4 city activists convicted in D.C. protest
By Mark Melady

Four Worcester activists were convicted in a Washington, D.C., court of unlawful assembly yesterday for blocking the entrance to the Sudanese Embassy in a protest of what the Bush administration once called genocide in the Darfur region of Sudan.

Scott Schaeffer-Duffy of the Catholic Worker, who served as lead counsel as well as defendant, said that despite the convictions the defense was ablw to put on witnesses who testified to the extent of the killings, estimated by one Darfur analyst at 400,000, and to raise the moral issues of civil disobedience.

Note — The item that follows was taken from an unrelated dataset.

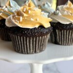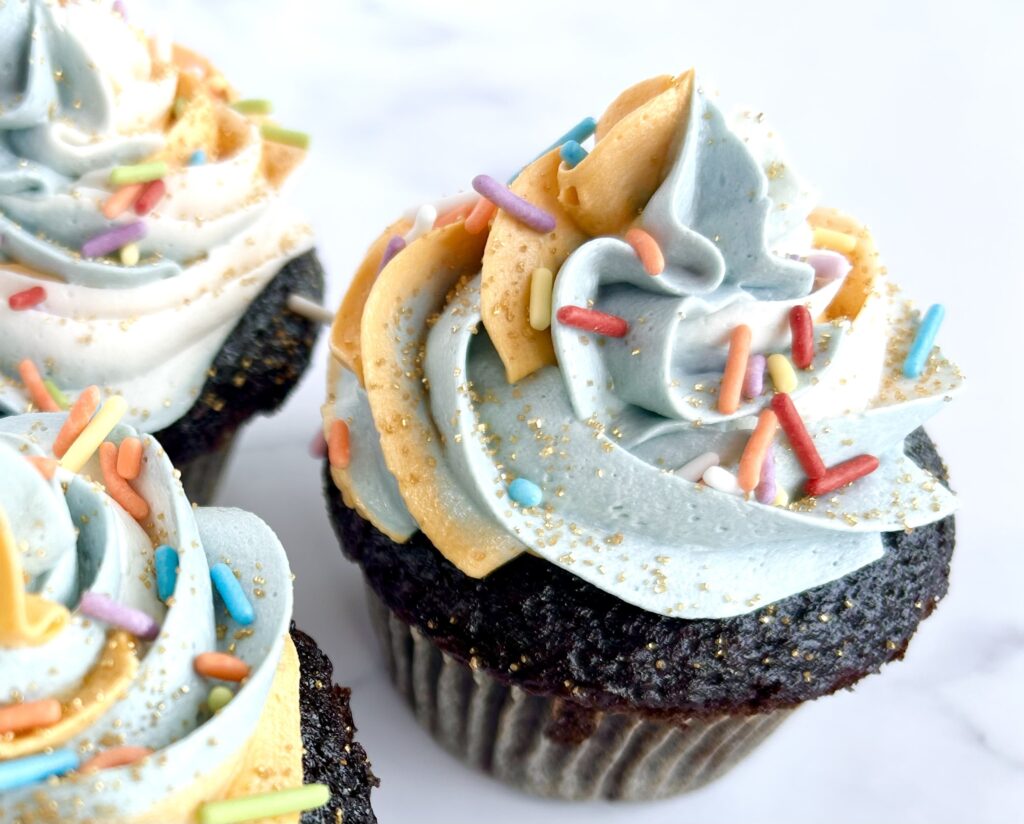 This link will take you to my very favorite Easy Vanilla Buttercream Frosting. It has just a very little bit of almond extract and it’s the most perfect fluffy frosting you’ll ever taste. It makes more than you need for 12 cupcakes, just spread it on some graham crackers, yum! The frosting will save in the fridge for a few days. Let it come to room temperature and beat with a mixer to bring it back to life. These cupcakes also pair nicely with peanut butter frosting or cream cheese frosting.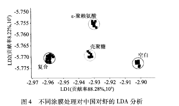 采用 PCA 和LDA 兩種方法,對不同涂膜處理的中國對蝦在同一貯藏時間下的電子鼻響應值進行分析,結果顯示,電子鼻檢測可以有效的區分四種處理方法,其中 PCA 分析所得總貢獻略高于 LDA 分析結果。

“The judge was very complimentary about our defense, but I would have preferred acquittal,” said Mr. Schaeffer-Duffy, who was given probation and a suspended sentence along with veteran city protestors Ken Hannaford-Ricardi and Tom Lewis. A fourth city resident, Harry Duchesne, was given a two-day sentence based on time served,

The men and three others who participated in the protest, all members of the Catholic Worker group, declined bail and were jailed for two days after their Feb. 2 protest.

The group had requested a meeting with Sudanese Embassy officials to press their case against what they believe is the Khartoum government’s support of militias that have destroyed entire villages in Darfur, forcing many hundreds of thousands to become refugees.

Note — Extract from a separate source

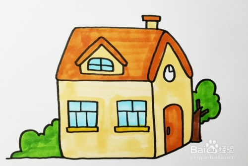 最后将墙面涂上黄色,草丛和树叶都涂绿,简单又好看的房子就画好了。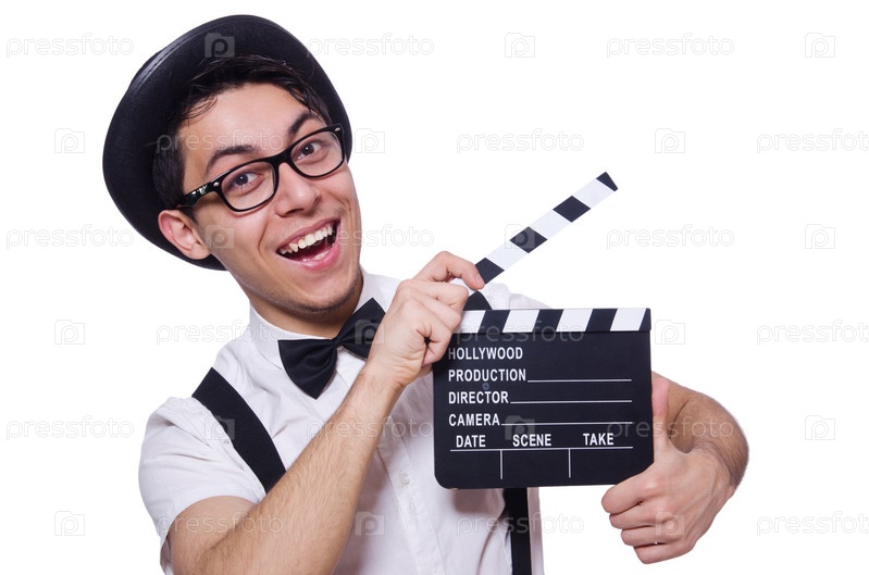 Забавный человек с хлопушкой

When embassy officials refused to meet, the seven knelt in prayer at the entrance and were arrested.

Colin L. Powell, then secretary of state, called the killings in Darfur genocide after a visit to the region, but Mr. Schaeffer-Duffy said his successor, Condoleeza Rice, has yet to use the term and the Bush administration has been more moderate in its assessments of the violence in Darfur.

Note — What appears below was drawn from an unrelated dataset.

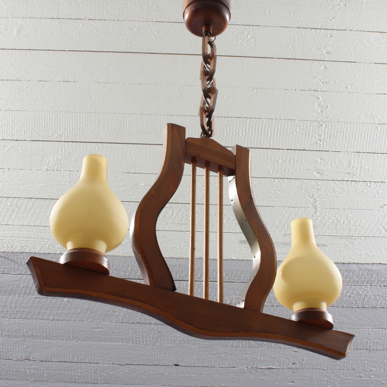 Trä, skärmar i glas, 2-armad, höjd 64 cm, bredd 50 cm. (vån1)

One witness put on by the defense, Eric Reeves, a Smith college professor who has spent the last three years in the Sudan [sic], said as many as 500 Darfur residents per day are dying in the conflict.

Another witness, Mwiza Munthali, director of information at TransAfrica, a group that organized demonstrations against apartheid at the South African embassy in the 1960s [sic], testified that Nelson Mandela credited those demonstrations with being instrumental with bringing down the racist government.

Mr. Schaeffer-Duffy also put into evidence photographs he took of refugee camps while on a visit to Darfur last year with another defendant, Brenna Cussen.

Judge Rufus King III was not swayed, however, and found all seven guilty.

After the trial, the group marched 11 blocks to the White House to join a Darfur vigil.

“I encouraged civil disobedience at the Sudanese Embassy,” Mr. Schaeffer-Duffy said.

The group is returning to Worcester today.

“We may appeal the verdicts,” Mr. Schaeffer-Duffy said. “We have some soul-searching to do. If we get arrested again in Washington it’s right off to jail without even a hearing.”